I am not sure what score they are using in that code, I am sorry for my limited understanding here.

Answer 1

It is no surprise that the learning curve highly depends on the capabilities of the learner and on the structure of the data set and prediction power of its features.

It might be the case that there is only little variance in the combination of feature values (predictors) and labels (response). In this case even a small sample size can allow a capable learner to find all detectable patterns, resulting in a early high score. If not all patters can be detected, no perfect score can be achieved.

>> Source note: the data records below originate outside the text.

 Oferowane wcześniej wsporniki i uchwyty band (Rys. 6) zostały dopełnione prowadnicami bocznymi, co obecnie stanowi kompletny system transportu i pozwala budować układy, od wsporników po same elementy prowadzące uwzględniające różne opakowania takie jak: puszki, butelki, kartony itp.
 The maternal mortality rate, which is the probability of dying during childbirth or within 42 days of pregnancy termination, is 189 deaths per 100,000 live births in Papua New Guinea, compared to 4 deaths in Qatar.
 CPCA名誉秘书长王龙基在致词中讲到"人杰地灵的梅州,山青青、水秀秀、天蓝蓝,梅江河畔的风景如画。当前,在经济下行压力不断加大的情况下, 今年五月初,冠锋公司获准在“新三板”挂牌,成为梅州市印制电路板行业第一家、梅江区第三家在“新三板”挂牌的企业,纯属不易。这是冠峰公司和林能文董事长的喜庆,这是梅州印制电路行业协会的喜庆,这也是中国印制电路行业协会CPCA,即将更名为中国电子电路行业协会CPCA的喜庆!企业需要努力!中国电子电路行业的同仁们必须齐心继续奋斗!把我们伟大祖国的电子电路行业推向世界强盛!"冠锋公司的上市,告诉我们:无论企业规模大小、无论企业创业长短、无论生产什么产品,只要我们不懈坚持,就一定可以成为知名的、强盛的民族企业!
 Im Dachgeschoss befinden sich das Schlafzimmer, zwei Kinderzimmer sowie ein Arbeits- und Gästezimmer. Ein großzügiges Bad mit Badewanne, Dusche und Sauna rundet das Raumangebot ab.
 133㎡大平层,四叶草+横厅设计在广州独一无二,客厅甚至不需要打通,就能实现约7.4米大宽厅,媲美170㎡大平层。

Since the training score is slightly above the cv-score for 10000 samples, I'd expect that there is an even greater difference for less than 10000 samples. So I suggest to test that. If the the overlap and score remains (even for a small number of examples, let's say << 1000), you should double check for an error (e.g. accidental row duplication, error in cv calculation (if you have done it yourself)).

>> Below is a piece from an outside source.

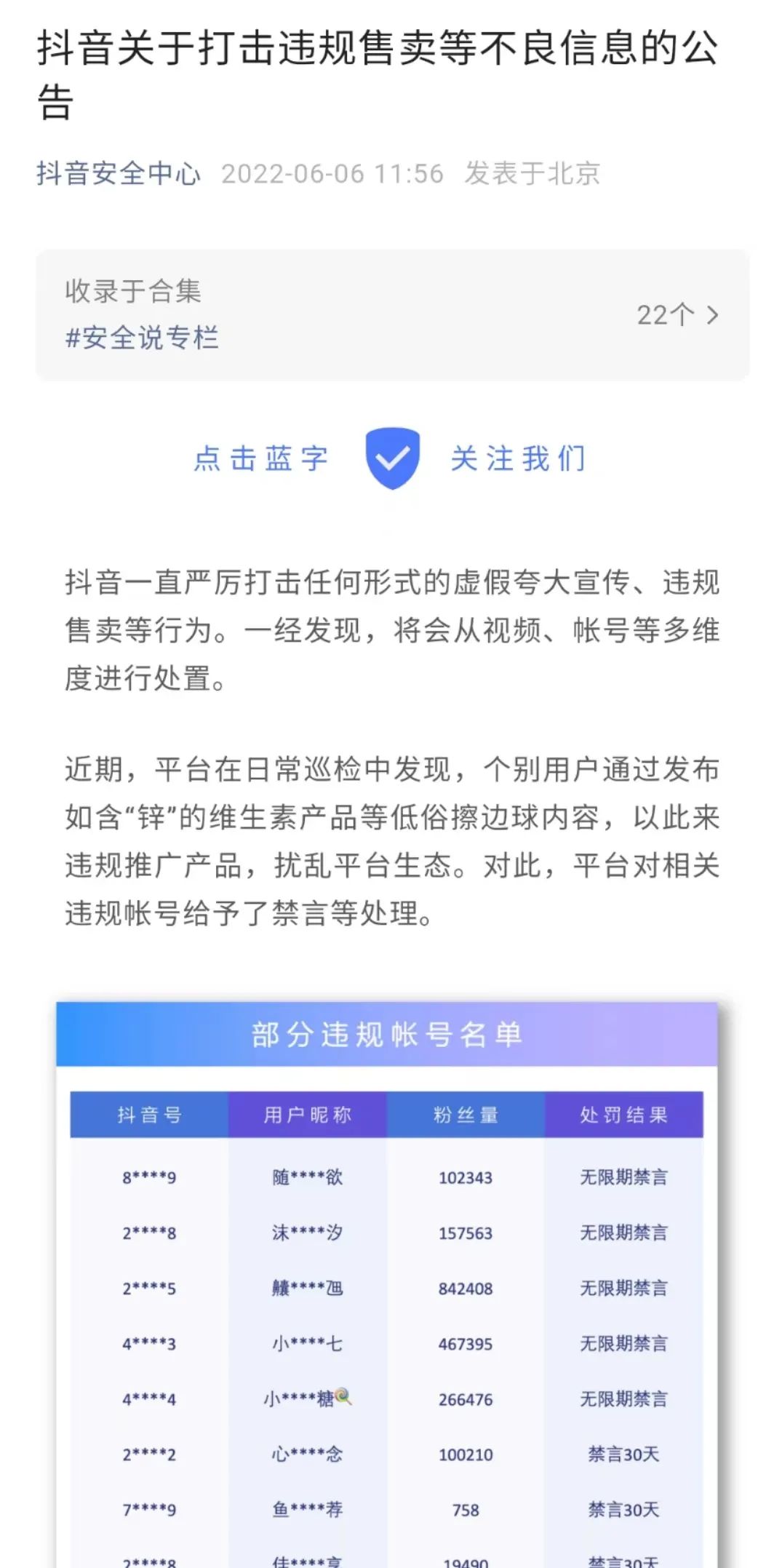 6月6日,抖音安全中心公告称,将持续关注夸大宣传、违规售卖的内容及相关帐号,加大处置力度。近期平台在日常巡检中发现,个别用户通过发布如含“锌”的维生素产品等低俗擦边球内容,以此来违规推广产品,扰乱平台生态。对此,平台对相关违规帐号给予了禁言等处理。

Edit regarding class imbalance

The class distribution is

y
0    77623
1     5436

so guessing the majority class leads to an score of ~ 0.935, which is exactly what we see in the learning curve. The scoring function used in the learning curve is one provided by the estimator, which is Accuracy in case of SVC (see SVC documentation). The scoring function can be changed in learning curve (search for "scoring" in the learning_curve documentation, also needed to pass the parameter via plot_learning_curve).

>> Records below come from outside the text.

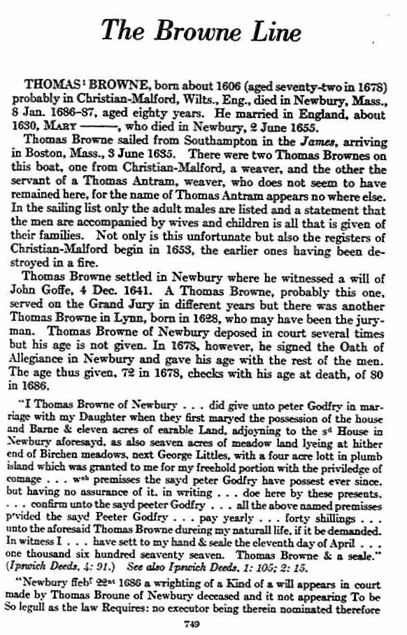 5. Thomas BROWNE (1607 Christian Malford, Wiltshire – 1687 Newbury, Mass.)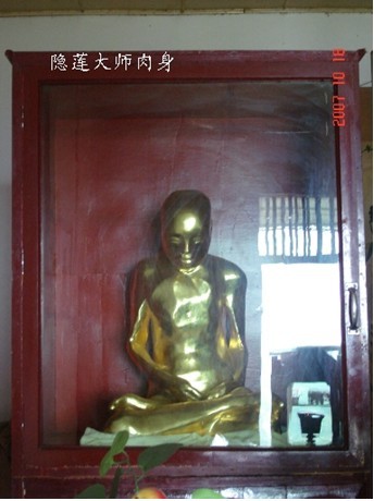(一)2001年4月19日,湖南双峰雷峰山法印比丘尼,从九华山请来师傅,打开了已经圆寂三年零五个多月的隐莲法师的黑漆棺材,开棺后,奇迹出现了,喜见隐莲法师栩栩如生,头发、胡子都又长出来了好几分,并更转青色,触摸身体,肌体还有弹性,在场四众甚为惊叹!当天给法师盘腿,大腿还柔软富有弹性,因为腿盘错了,又给肉身重新盘一次,九华山的师傅叹为观止,他们说在九华山很少看见如此殊胜的肉身菩萨,圆寂后,放在潮湿的山坡中,棺木入一尺接地气,露出二尺接天气,在湖南这样炎热潮湿的环境里面,没有任何防腐的措施,三年半后竟然与生前无异、真是稀有难得的肉身菩萨!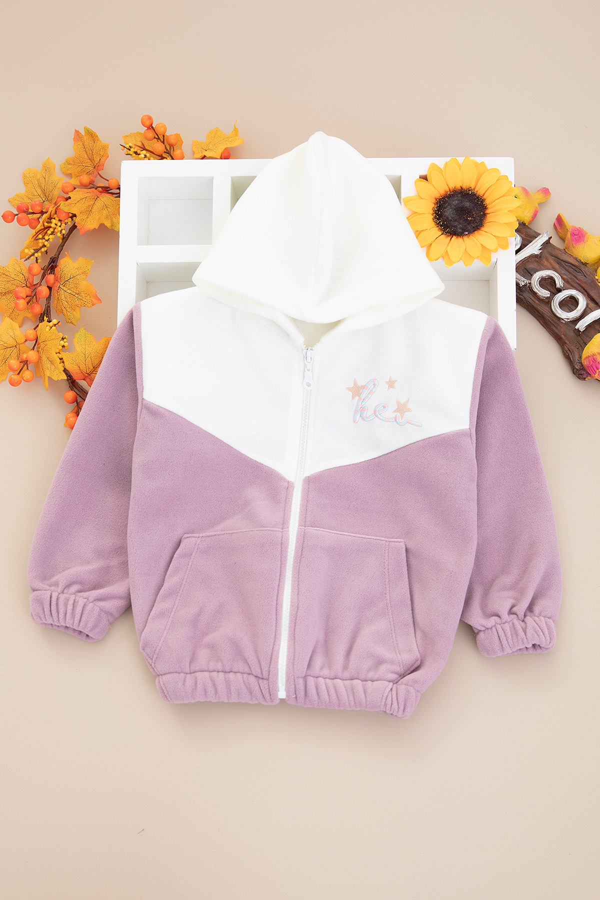 Kız Çocuk Nakışlı Fermuarlı Polar Hırka - 9011 (3-12 Yaş)

Rerunning the code, but not going up to full train size (due to the time complexity of SVC)

import numpy as np
import matplotlib.pyplot as plt
from sklearn.svm import SVC
from sklearn.model_selection import learning_curve
from sklearn.model_selection import ShuffleSplit
import pickle

def plot_learning_curve(estimator, title, X, y, ylim=None, cv=None,
                        n_jobs=1, train_sizes=np.linspace(.01, 1.0, 5)):
    # calc curve first to avoid premature opening of figure
    train_sizes, train_scores, test_scores = learning_curve(
        estimator, X, y, cv=cv, n_jobs=n_jobs, train_sizes=train_sizes)
    train_scores_mean = np.mean(train_scores, axis=1)
    train_scores_std = np.std(train_scores, axis=1)
    test_scores_mean = np.mean(test_scores, axis=1)
    test_scores_std = np.std(test_scores, axis=1)

    # now create the plot
    plt.figure(figsize = (13,9))
    plt.title(title)
    if ylim is not None:
        plt.ylim(*ylim)
    plt.xlabel("Training examples")
    plt.ylabel("Score")

    plt.grid()

    plt.fill_between(train_sizes, train_scores_mean - train_scores_std,
                     train_scores_mean + train_scores_std, alpha=0.1,
                     color="r")
    plt.fill_between(train_sizes, test_scores_mean - test_scores_std,
                     test_scores_mean + test_scores_std, alpha=0.1, color="g")
    plt.plot(train_sizes, train_scores_mean, 'o-', color="r",
             label="Training score")
    plt.plot(train_sizes, test_scores_mean, 'o-', color="g",
             label="Cross-validation score")

    plt.legend(loc="best")
    return plt



y = np.array(pickle.load(open('path-to-test', 'rb')))

# https://stackoverflow.com/questions/11305790/pickle-incompatibility-of-numpy-arrays-between-python-2-and-3
X = None
with open('path-to-train', 'rb') as f:
    u = pickle._Unpickler(f)
    u.encoding = 'latin1'
    X = np.array(u.load())

gamma = 0.001
C = 10000
title = "Learning Curves (SVM, RBF kernel, $\gamma=" + str(gamma) + ", C=" + str(C) + "$)"
# SVC is more expensive so we do a lower number of CV iterations:
cv = ShuffleSplit(n_splits=10, test_size=0.2, random_state=42)
estimator = SVC(kernel = 'rbf', C=C, gamma=gamma, class_weight='balanced')
plot_learning_curve(estimator, title, X, y, cv=cv, n_jobs=6, train_sizes=np.linspace(0.015,0.15,5))
plt.show()

leads to this graph

so there might be a code issue, maybe at initial loading / preprocessing of X and y.

Answer 2

I would agree that at the first glance, there is no over-fitting and under-fitting.

One possibility is the learning task is easy and the model did an excellent job.

Think about the linear regression case. Suppose both training and testing data is generated from

$$y=\beta^Tx+\epsilon$$

So, both set will have the same distribution, and we cannot achieve 100% "accuracy" (RMSE in regression case), because of the irreducible error.